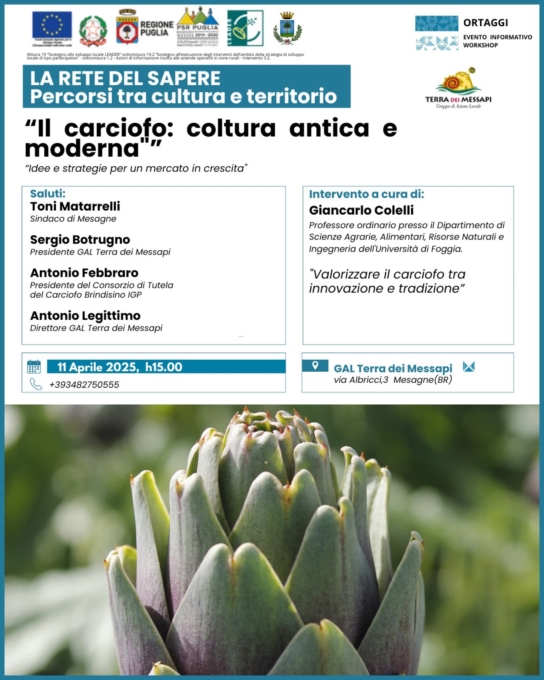 Il GAL TERRA DEI MESSAPI organizza, nell'ambito degli incontri dedicati a cultura e territorio, un convegno sul tema :"Il carciofo: coltura antica e moderna. "Idee e strategie per un mercato in crescita"
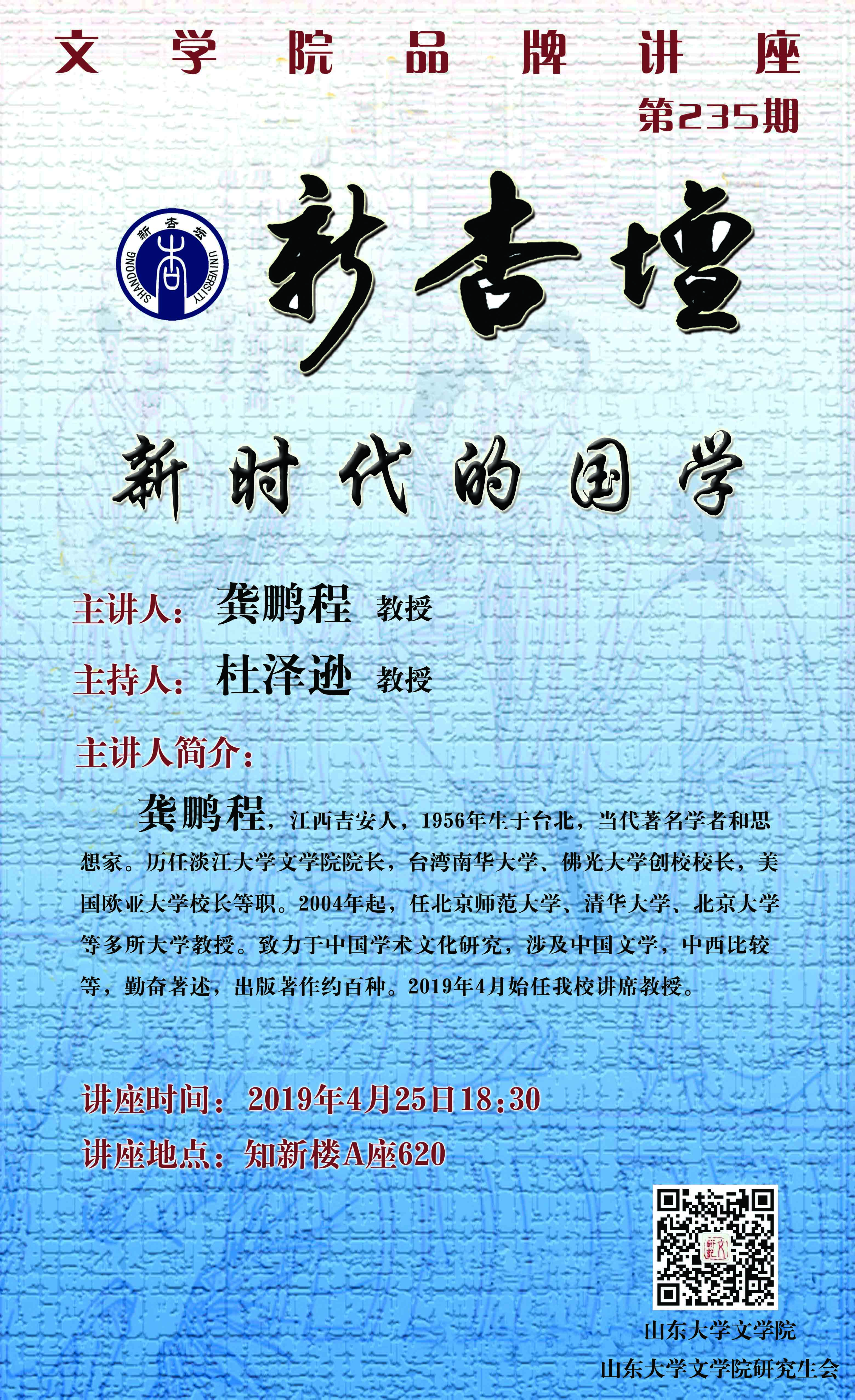 龚鹏程,当代著名学者和思想家。历任淡江大学文学院院长,台湾南华大学、佛光大学创校校长,美国欧亚大学校长等职。2004年起,任北京师范大学、清华大学、北京大学等多所大学教授。致力于中国学术文化研究,涉及中国文学、中西比较等,勤奋著述,出版著作约百种。2019年4月始任我校讲席教授。
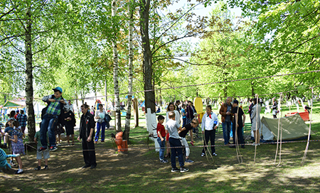 На стадыёне разгарнуліся спаборніцтвы па пляжным валейболе і футболе. Бібліятэка прапанавала паспяваць песні ваенных часоў.
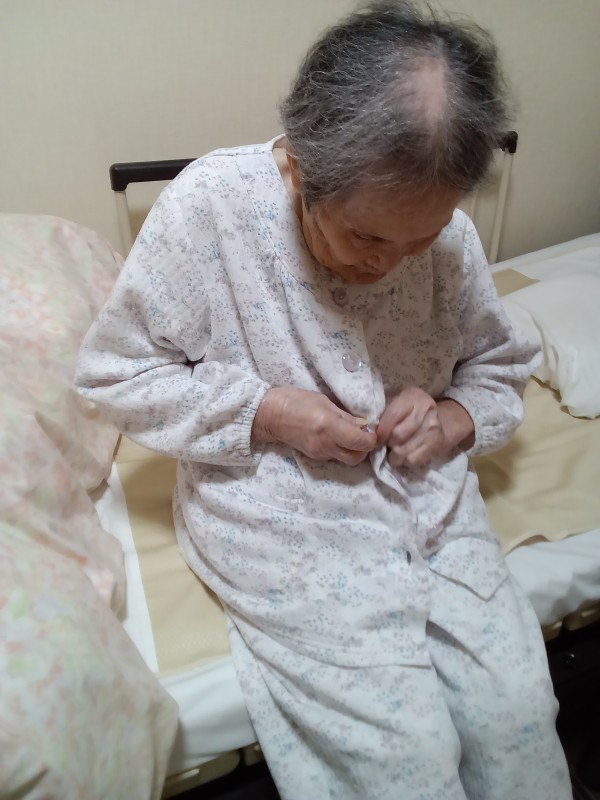 声掛けやお手伝いをさせて頂きますが、写真のように、パジャマのボタンをご自身ではめられます。
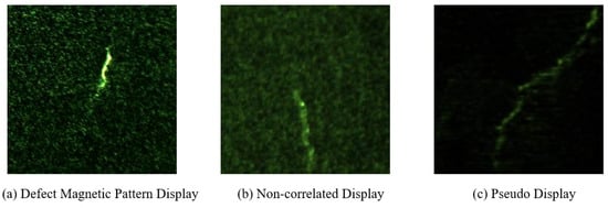 The generation of magnetic traces involves various factors, including the leakage magnetic field at the defect, the leakage magnetic field in non-defective areas, and even the natural deposition and retention of magnetic particles on the workpiece surface [13]. Generally, magnetic traces formed by the leakage magnetic field generated by defects are referred to as defect magnetic trace displays, also known as correlated displays. Correspondingly, magnetic traces formed by the attraction of magnetic particles due to larger leakage magnetic fields caused by changes in the workpiece’s cross-section and material property differences are referred to as non-correlated displays. Magnetic traces not formed by the leakage magnetic field on the workpiece surface are referred to as pseudo displays. The magnetic particle information used in this paper is shown in the following Table 2.
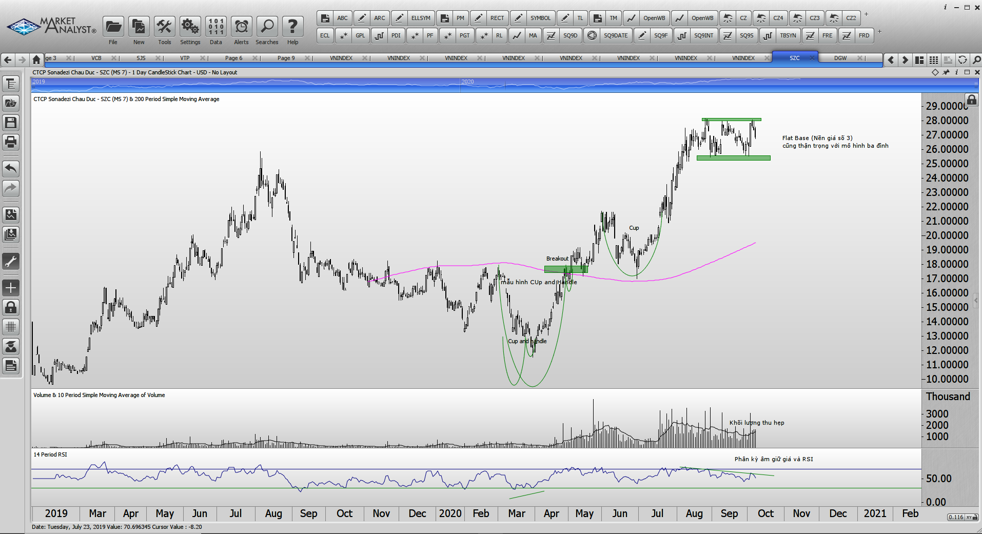 SZC đang tích lũy trong Flat Base, là nền giá số 3. Đang có tín hiệu phân kỳ giữa giá với RSI. Thận trọng khả năng nền giá số 3, cũng là mô hình ba đỉnh vì nó đang phân kỳ với VN-Index. Giá đang cách xa MA200 ngày khoảng 30% là một trong những khoảng cách xa nhất của SZC với đường MA này.

--------------------------------

Problem description: Reproduce everything above exactly, images excluded.

Result of this exercise:
 Il GAL TERRA DEI MESSAPI organizza, nell'ambito degli incontri dedicati a cultura e territorio, un convegno sul tema :"Il carciofo: coltura antica e moderna. "Idee e strategie per un mercato in crescita"
 龚鹏程,当代著名学者和思想家。历任淡江大学文学院院长,台湾南华大学、佛光大学创校校长,美国欧亚大学校长等职。2004年起,任北京师范大学、清华大学、北京大学等多所大学教授。致力于中国学术文化研究,涉及中国文学、中西比较等,勤奋著述,出版著作约百种。2019年4月始任我校讲席教授。
 На стадыёне разгарнуліся спаборніцтвы па пляжным валейболе і футболе. Бібліятэка прапанавала паспяваць песні ваенных часоў.
 声掛けやお手伝いをさせて頂きますが、写真のように、パジャマのボタンをご自身ではめられます。
 The generation of magnetic traces involves various factors, including the leakage magnetic field at the defect, the leakage magnetic field in non-defective areas, and even the natural deposition and retention of magnetic particles on the workpiece surface [13]. Generally, magnetic traces formed by the leakage magnetic field generated by defects are referred to as defect magnetic trace displays, also known as correlated displays. Correspondingly, magnetic traces formed by the attraction of magnetic particles due to larger leakage magnetic fields caused by changes in the workpiece’s cross-section and material property differences are referred to as non-correlated displays. Magnetic traces not formed by the leakage magnetic field on the workpiece surface are referred to as pseudo displays. The magnetic particle information used in this paper is shown in the following Table 2.
 SZC đang tích lũy trong Flat Base, là nền giá số 3. Đang có tín hiệu phân kỳ giữa giá với RSI. Thận trọng khả năng nền giá số 3, cũng là mô hình ba đỉnh vì nó đang phân kỳ với VN-Index. Giá đang cách xa MA200 ngày khoảng 30% là một trong những khoảng cách xa nhất của SZC với đường MA này.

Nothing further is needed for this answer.